Because SB223412 has been reported to be active when administered orally [34], we examined the effect of oral administration of SB223412 on pulsatile LH secretion in goats. Plasma SB223412 concentrations increased during the periods of oral administration in a dose-dependent manner, suggesting that orally administered NK3R antagonist was successfully transferred into peripheral circulation. The result is consistent with a previous report, indicating that the SB223412 shows high bioavailability, therefore most of the orally administered SB223412 was transferred into peripheral circulation in dogs and rats [34]. In the present study, 7-day treatment with the NK3R antagonist slightly, but significantly, increased the interpulse intervals of LH pulses. Previous studies have demonstrated that oral administration of NK3R antagonist suppresses testosterone secretion in male dogs [21] and male guinea pigs [20], and decreases plasma E2 levels in cyclic female monkeys [22] and women [30]. Combined, the present results indicate that the endocrine mechanisms regulating reproductive functions in ruminants, as well as other mammalian species, could be modulated through oral administration of NK3R antagonists such as SB223412. However, the present study suggests that, as there was no significant difference in interpulse intervals of LH pulses between the two doses of orally administered NK3R antagonist, a much higher blood concentration of NK3R antagonist is needed to suppress GnRH pulse generator activity and pulsatile LH secretion in goats. Further studies are required to determine the optimal dosage and period for NK3R antagonist treatment for the development of practical regimens.

In the present study, both intravenous and oral administration of NK3R antagonist decreased MUA volley frequency but failed to completely abolish the GnRH pulse generator activity and pulsatile LH secretion.
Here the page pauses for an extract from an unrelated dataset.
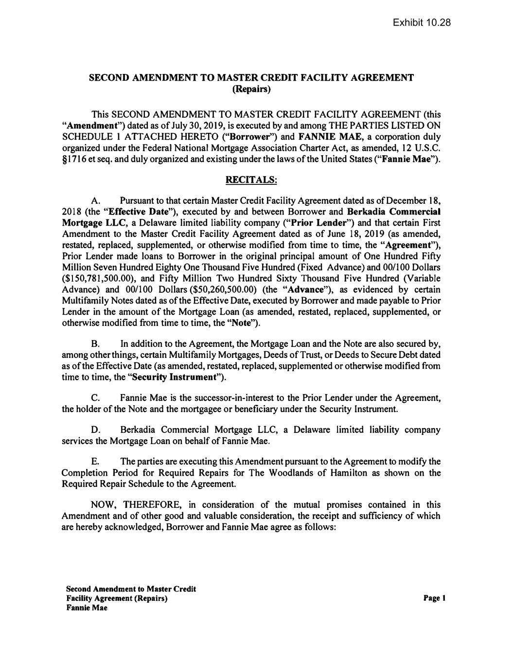 SECOND AMENDMENT TO MASTER CREDIT FACILITY AGREEMENT (Repairs) This SECOND AMENDMENT TO MASTER CREDIT FACILITY AGREEMENT (this "Amendment") dated as of July 30, 2019, is executed by and among THE PARTIES LISTED ON SCHEDULE 1 ATTACHED HERETO ("Borrower") and FANNIE MAE, a corporation duly organized under the Federal National Mortgage Association Charter Act, as amended, 12 U.S.C. § 1716 et seq. and duly organized and existing under the laws of the United States ("Fannie Mae"). RECITALS: A. Pursuant to that certain Master Credit Facility Agreement dated as of December 18, 2018 (the "Effective Date"), executed by and between Borrower and Berkadia Commercial Mortgage LLC, a Delaware limited liability company ("Prior Lender") and that certain First Amendment to the Master Credit Facility Agreement dated as of June 18, 2019 (as amended, restated, replaced, supplemented, or otherwise modified from time to time, the "Agreement"), Prior Lender made loans to Borrower in the original principal amount of One Hundred Fifty Million Seven Hundred Eighty One Thousand Five Hundred (Fixed Advance) and 00/100 Dollars ($150,781,500.00), and Fifty Million Two Hundred Sixty Thousand Five Hundred (Variable Advance) and 00/100 Dollars ($50,260,500.00) (the "Advance"), as evidenced by certain Multifamily Notes dated as of the Effective Date, executed by Borrower and made payable to Prior Lender in the amount of the Mortgage Loan (as amended, restated, replaced, supplemented, or otherwise modified from time to time, the "Note"). B. In addition to the Agreement, the Mortgage Loan and the Note are also secured by, among other things, certain Multifamily Mortgages, Deeds of Trust, or Deeds to Secure Debt dated as of the Effective Date (as amended, restated, replaced, supplemented or otherwise modified from time to time, the "Security Instrument"). C. Fannie Mae is the successor-in-interest to the Prior Lender under the Agreement, the holder of the Note and the mortgagee or beneficiary under the Security Instrument. D. Berkadia Commercial Mortgage LLC, a Delaware limited liability company services the Mortgage Loan on behalf of Fannie Mae. E. The parties are executing this Amendment pursuant to the Agreement to modify the Completion Period for Required Repairs for The Woodlands of Hamilton as shown on the Required Repair Schedule to the Agreement. NOW, THEREFORE, in consideration of the mutual promises contained in this Amendment and of other good and valuable consideration, the receipt and sufficiency of which are hereby acknowledged, Borrower and Fannie Mae agree as follows: Second Amendment to Master Credit Facility Agreement (Repairs) Fannie Mae Page 1 Exhibit 10.28

This result is consistent with a previous study showing that administration of another NK3R antagonist, SB222200, into the ARC prolonged the interpulse intervals of LH pulses but failed to abolish the pulsatility of LH secretion in OVX ewes [28]. We previously reported that intracerebral administration of SB223412 in rats failed to suppress pulsatile LH secretion, whereas CS-003, a triple antagonist for three neurokinin receptors, namely neurokinin 1 receptor (NK1R), neurokinin 2 receptor (NK2R) and NK3R, could suppress it [31]. Moreover, antagonism of the triple neurokinin receptors was required to abolish the stimulatory effect of NKB on the electrophysiological activity of KNDy neurons in mouse brain slices [40]. A previous study in goats demonstrated that pharmacological activation of NK1R and NK2R was able to induce MUA volley, albeit with a much lower efficacy than that of NK3R [37]. These studies suggest that NK1R and NK2R complementarily mediate the stimulatory effect of NKB on the GnRH pulse generator activity when NK3R is pharmacologically blocked, and thus, prolonged intervals of GnRH pulse generation by pharmacological blockade of NK3R could be due to delayed NKB stimulation to induce synchronized firing of KNDy neurons [23]. Improved knowledge of the localization of neurokinin receptors in the central nervous system and the effects of antagonists of the three neurokinin receptors on GnRH pulse generator activity is required to effectively suppress reproductive functions in goats.

In conclusion, we demonstrated that peripheral administration of SB223412, an NK3R antagonist, suppressed pulsatile LH secretion by acting on the GnRH pulse generator in female goats. The results of the present study suggest that peripheral and/or oral administration of NK3R antagonists could be used to modulate reproductive functions in ruminants.